═══ THE DATA
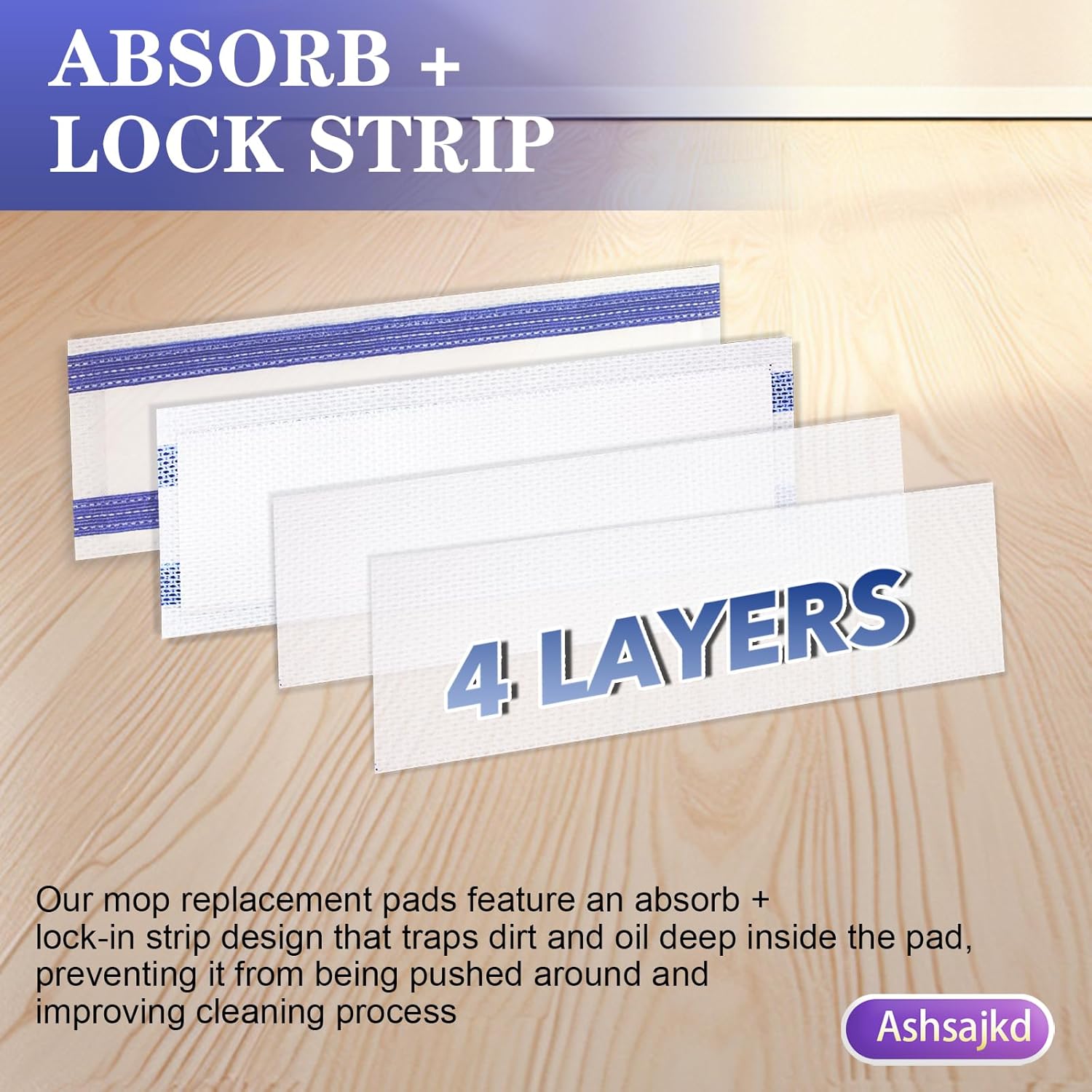 - Efficient Cleaning Power: Our mop replacement pad is made of microfiber Absorb + Lock Strip technology helps picking up dust,dirt and remove stubborn stains, leaving floors spotless with minimal effort
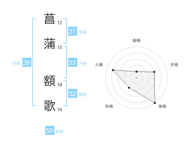 菖蒲 額歌さんを姓名の画数から五運を鑑定
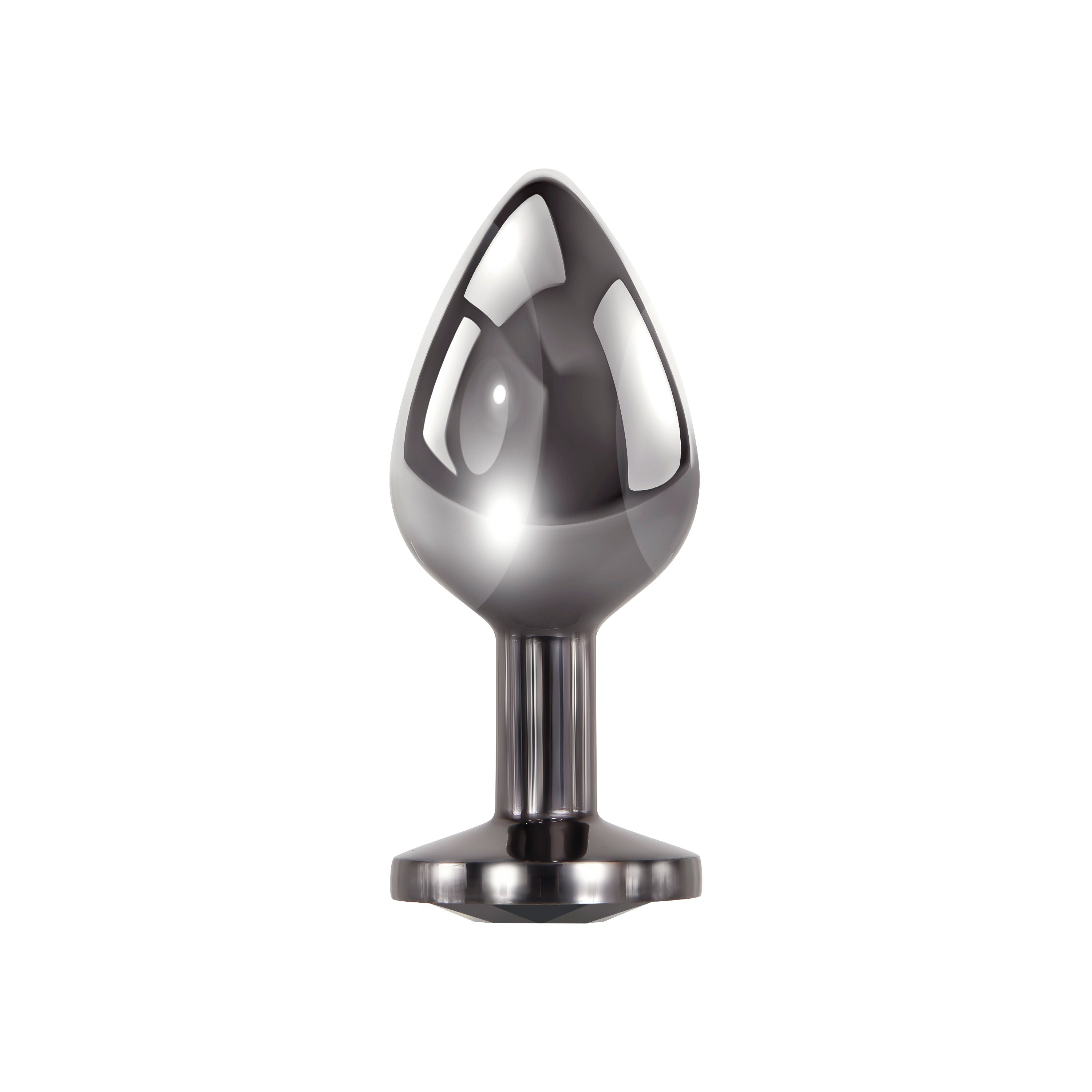 Mid-sized dark metal butt plug with black gem
══════
**TASK DETAILS**
Exactly as given, set down each line of the material, but include no pictures.

**REPLY**
 - Efficient Cleaning Power: Our mop replacement pad is made of microfiber Absorb + Lock Strip technology helps picking up dust,dirt and remove stubborn stains, leaving floors spotless with minimal effort
 菖蒲 額歌さんを姓名の画数から五運を鑑定
 Mid-sized dark metal butt plug with black gem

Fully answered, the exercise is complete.